WHAT TO DO ▸
The stretch from the line with "而在社交平台上,又有网友提供" through the line with "本文关于闪电十一人3王牙的基本详情介绍就讲解完毕,希望对大家有所帮助。" in the records below: write it out exactly, and nothing else.

***** DATA TO PROCESS *****

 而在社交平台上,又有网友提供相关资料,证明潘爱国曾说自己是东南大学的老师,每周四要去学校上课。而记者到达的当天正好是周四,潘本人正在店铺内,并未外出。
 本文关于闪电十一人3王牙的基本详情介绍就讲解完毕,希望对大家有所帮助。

*****
***** DATA TO PROCESS *****

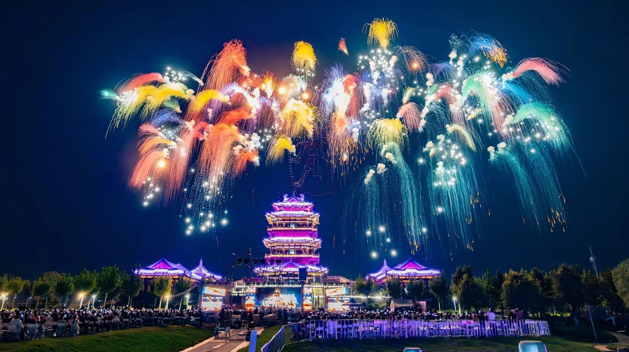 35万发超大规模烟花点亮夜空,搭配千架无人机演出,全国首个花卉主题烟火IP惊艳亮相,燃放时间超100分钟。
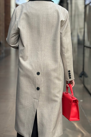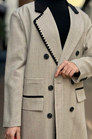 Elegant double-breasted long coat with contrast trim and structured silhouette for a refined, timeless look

*****
***** DATA TO PROCESS *****

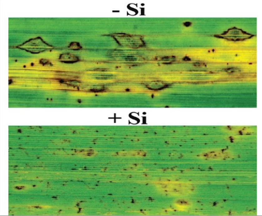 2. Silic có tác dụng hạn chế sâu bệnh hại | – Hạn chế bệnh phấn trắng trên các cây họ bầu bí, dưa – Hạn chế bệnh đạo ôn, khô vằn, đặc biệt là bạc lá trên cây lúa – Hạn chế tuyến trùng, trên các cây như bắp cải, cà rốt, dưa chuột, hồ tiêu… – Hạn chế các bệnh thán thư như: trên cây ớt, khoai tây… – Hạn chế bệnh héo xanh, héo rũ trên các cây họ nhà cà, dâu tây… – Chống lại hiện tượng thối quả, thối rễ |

*****

RESPONSE AREA ▸
 而在社交平台上,又有网友提供相关资料,证明潘爱国曾说自己是东南大学的老师,每周四要去学校上课。而记者到达的当天正好是周四,潘本人正在店铺内,并未外出。
 本文关于闪电十一人3王牙的基本详情介绍就讲解完毕,希望对大家有所帮助。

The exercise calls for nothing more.